Metaverse menjadi salah satu kata yang paling ramai dibicarakan di tahun 2021. Kata ini menjadi ramai setelah CEO Facebook, Mark Zuckerberg mengumumkan akan mengubah nama perusahaannya menjadi Meta Platforms Inc. atau yang disingkat menjadi Meta. Perubahan nama ini menggambarkan ambisi Facebook dalam mengembangkan produk mereka melampaui media sosial, yaitu dunia virtual.
Istilah Metaverse muncul pertama kali dalam novel fiksi sains berjudul Snow Crash yang ditulis oleh Neal Stephenson pada tahun 1992. Dalam novel ini, Metaverse digunakan untuk menggambarkan sebuah dunia virtual di mana para penggunanya bisa berinteraksi satu sama lain menggunakan avatar. Konsep ini pun pernah beberapa kali muncul dalam budaya pop, seperti film The Matrix dan Ready Player One.
Dalam wawancara dengan The Verge, Zuckerberg menjelaskan bahwa Metaverse adalah sebuah dunia virtual di mana pengguna bisa melakukan berbagai kegiatan mulai dari bermain gim, menikmati konser, bekerja, dan berinteraksi satu sama lain dalam satu ruang virtual yang sama. Sehingga, metaverse sendiri tidak bersifat eksklusif untuk satu perusahaan saja, perusahaan-perusahaan lain dengan berbagai jasa mereka juga bisa menjadi bagian dalam dunia virtual ini.
Singkatnya, Metaverse membuat internet menjadi tiga dimensi.
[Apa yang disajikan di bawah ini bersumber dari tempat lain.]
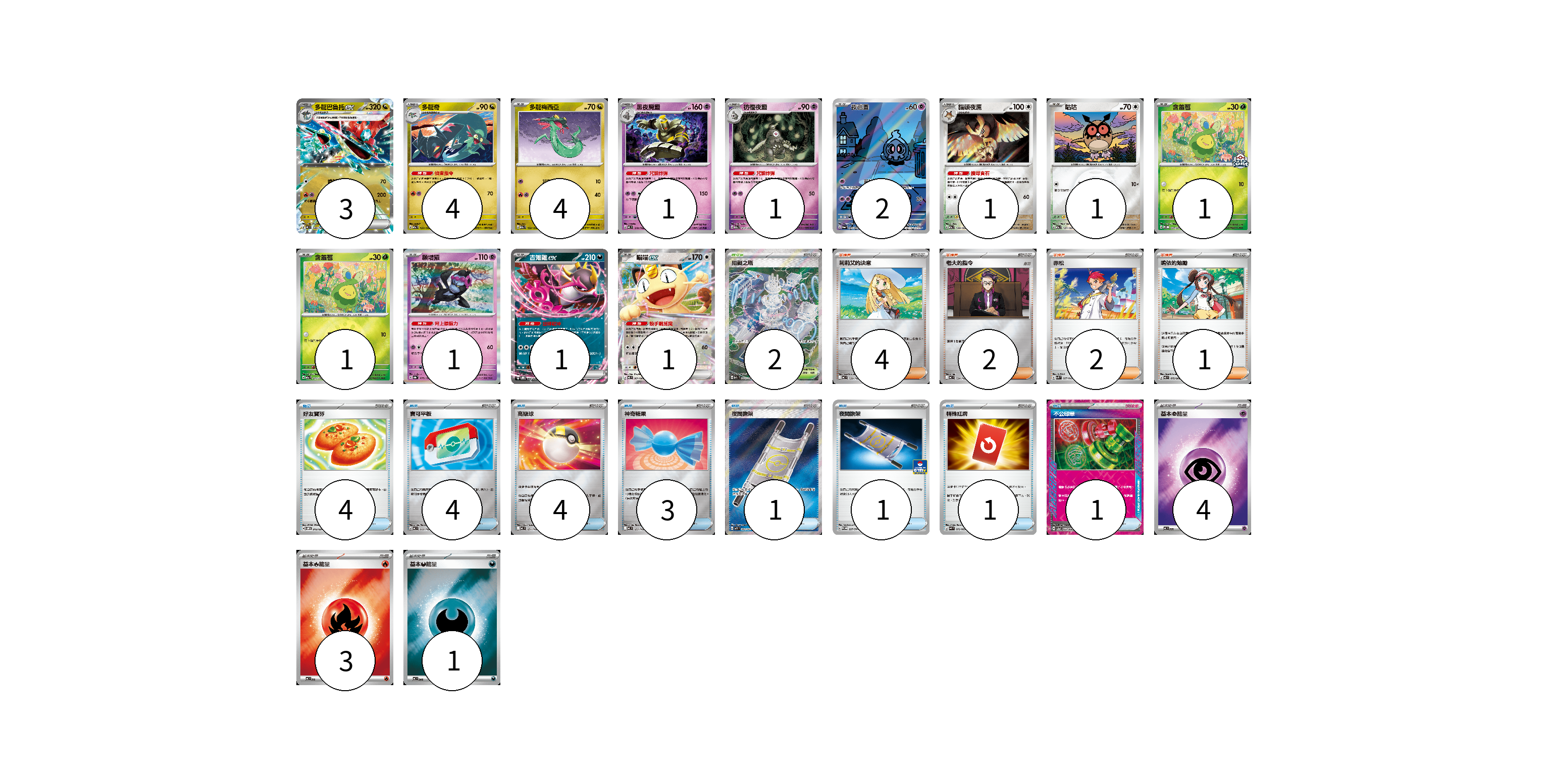 牌組構築方案 以此牌組為基礎新構築牌組 顯示卡面 顯示列表 寶可夢卡(22) 3 4 4 1 1 2 1 1 1 1 1 1 1 物品卡(19) 4 4 4 3 1 1 1 1 支援者卡(9) 4 2 2 1 競技場卡(2) 2 能量卡(8) 4 3 1 寶可夢卡(22) 卡牌名稱 張數 卡牌名稱 張數 多龍巴魯托ex MC 548/742 03 多龍奇 M2a 133/193 04 多龍梅西亞 M2a 132/193 04 黑夜魔靈 MC 310/742 01 彷徨夜靈 M2a 073/193 01 夜巡靈 SV6a 068/064 02 貓頭夜鷹 M2a 138/193 01 咕咕 M2a 137/193 01 含羞苞 M-P 037/M-P 01 含羞苞 M2a 011/193 01 願增猿 SV8a 075/187 01 吉雉雞ex SVOD 004/020 01 喵喵ex M3 061/080 01 物品卡(19) 卡牌名稱 張數 卡牌名稱 張數 好友寶芬 SVOM 012/021 04 寶可平板 MC 662/742 04 高級球 MC 651/742 04 神奇糖果 MC 655/742 03 夜間擔架 M1L 083/063 01 夜間擔架 SV-P 227/SV-P 01 特殊紅牌 M4 072/083 01 不公印章 SV5a 053/066 01 支援者卡(9) 卡牌名稱 張數 卡牌名稱 張數 莉莉艾的決意 MC 729/742 04 老大的指令 MC 724/742 02 赤松 SVK 027/042 02 鳴依的勉勵 M3 075/080 01 競技場卡(2) 卡牌名稱 張數 卡牌名稱 張數 阻礙之塔 M2a 222/193 02 能量卡(8) 卡牌名稱 張數 卡牌名稱 張數 基本【超】能量 MC PSY 04 基本【火】能量 MC FIR 03 基本【惡】能量 MC DAR 01 以此牌組為基礎新構築牌組 牌組編碼 CzwNWU-BTgfLe-XatXcA copy 列印牌組單 牌組編碼已複製 分享至SNS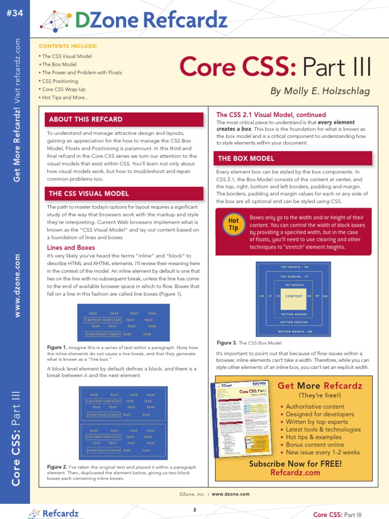 Copyright 2008 DZone, Inc. All rights reserved. No part of this publication may be reproduced, stored in a retrieval system, or transmitted, in any form or by means electronic, mechanical, photocopying, or otherwise, without prior written permission of the publisher. Reference: The Zen of CSS Design, Molly E. Holzschlag and Dave Shea, Peachpit Press, February 2005.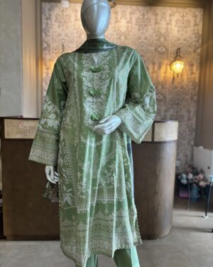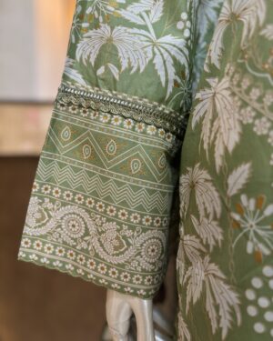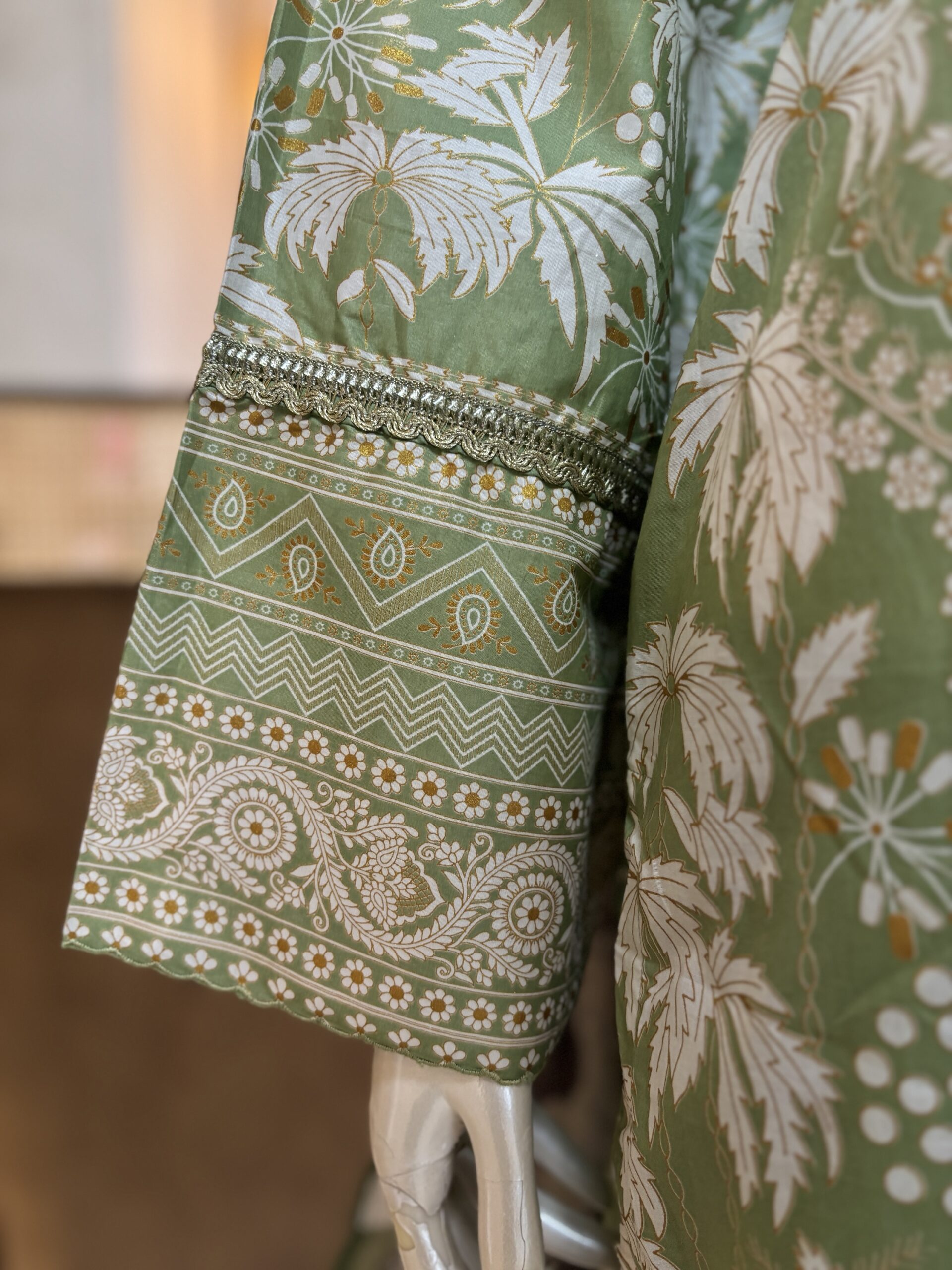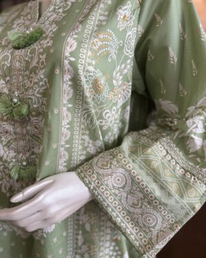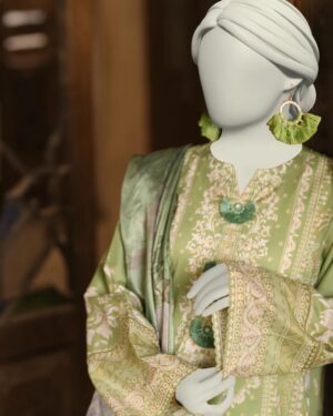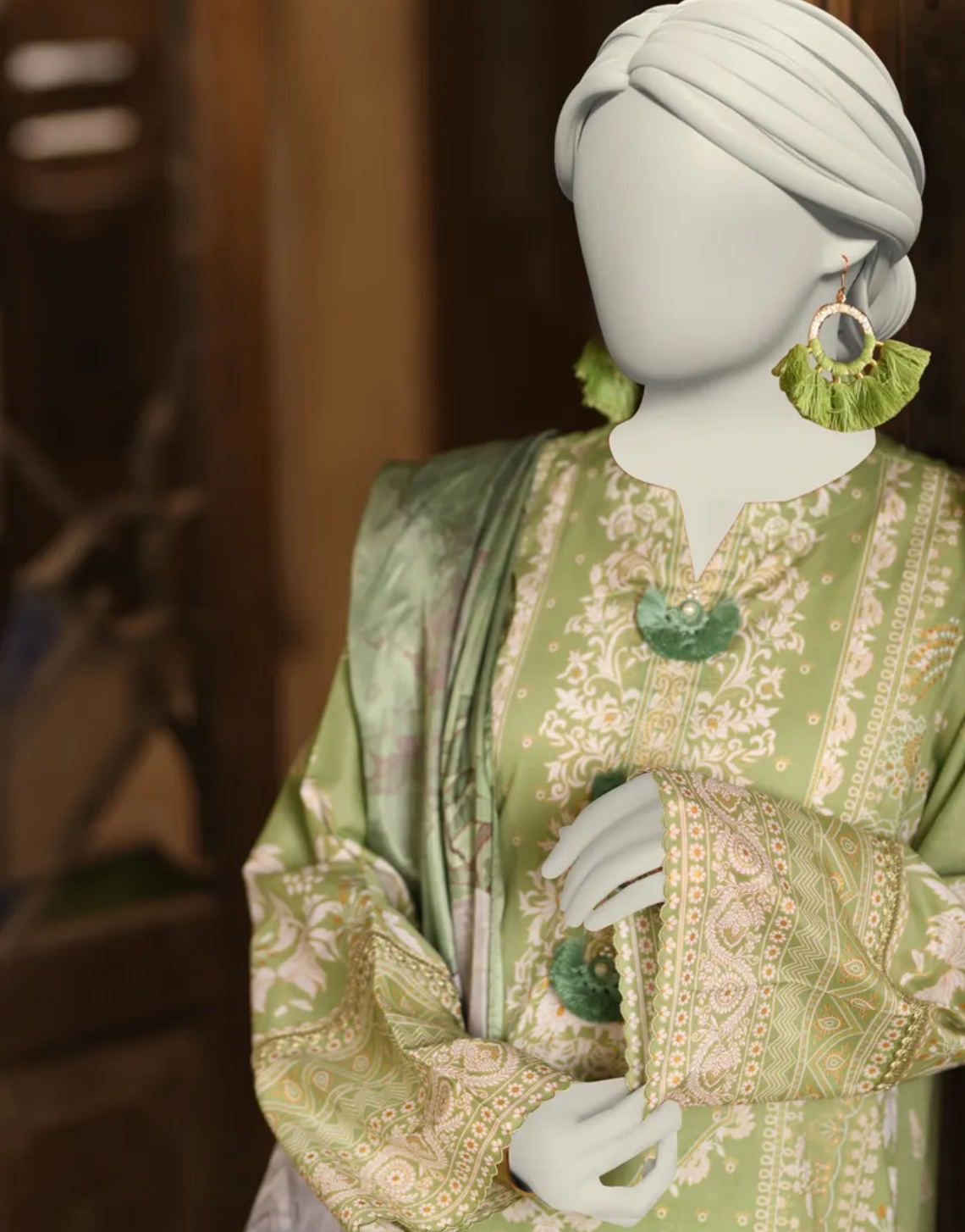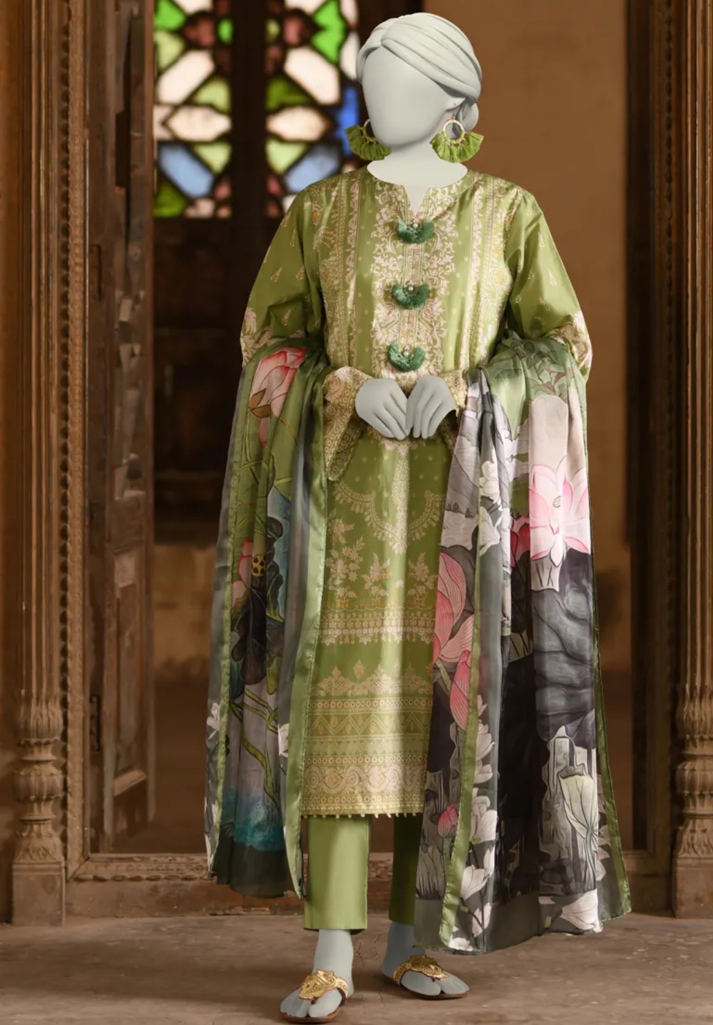 Collection: Gold & Printed Lawn Shirt, Dyed Lawn Trouser, Digital Printed Silk Dupatta

Misalnya, bisa saja di masa depan kita berkomunikasi tidak lagi menggunakan video call, tapi juga menggunakan hologram. Namun Zuckerberg juga mengatakan, banyak orang mengira Metaverse hanya berupa berbentuk virtual reality dan augmented reality. Padahal nantinya Metaverse ini juga bisa diakses melalui komputer, perangkat seluler, atau konsol permainan.
Apa yang ingin dicapai oleh Zuckerberg terkesan sangat futuristik dan melampaui realita yang kita hidupi sekarang. Namun dalam IEEE Spectrum, jurnalis teknologi Matthew S. Smith mengatakan bahwa ide yang ditawarkan Meta sebenarnya tidak benar-benar baru. Apa yang didemonstrasikan oleh Zuckerberg, menurutnya, hanya menyerupai virtual reality hangout. Konsep ini tak jauh berbeda dari ide yang ditawarkan oleh beberapa perusahaan virtual reality selama beberapa tahun terakhir, dan bisa dibeli dengan harga yang lebih murah.
Di samping itu, bukankah kita sudah hidup di dunia virtual sejak kita memasuki era revolusi digital? Apa yang ditawarkan Meta sebenarnya bisa dikatakan sebagai perluasan dari internet yang kita gunakan sekarang. Hanya saja, sifatnya lebih immersive karena berbentuk 3D. Semenjak ponsel pintar ditemukan dan media sosial telah menjadi ruang publik baru, keseharian kita telah dihabiskan dalam dunia digital. Janji-janji yang ditawarkan oleh Metaverse nampak gemilang dan revolusioner. Tapi, akankah demikian? Kita tunggu saja nanti.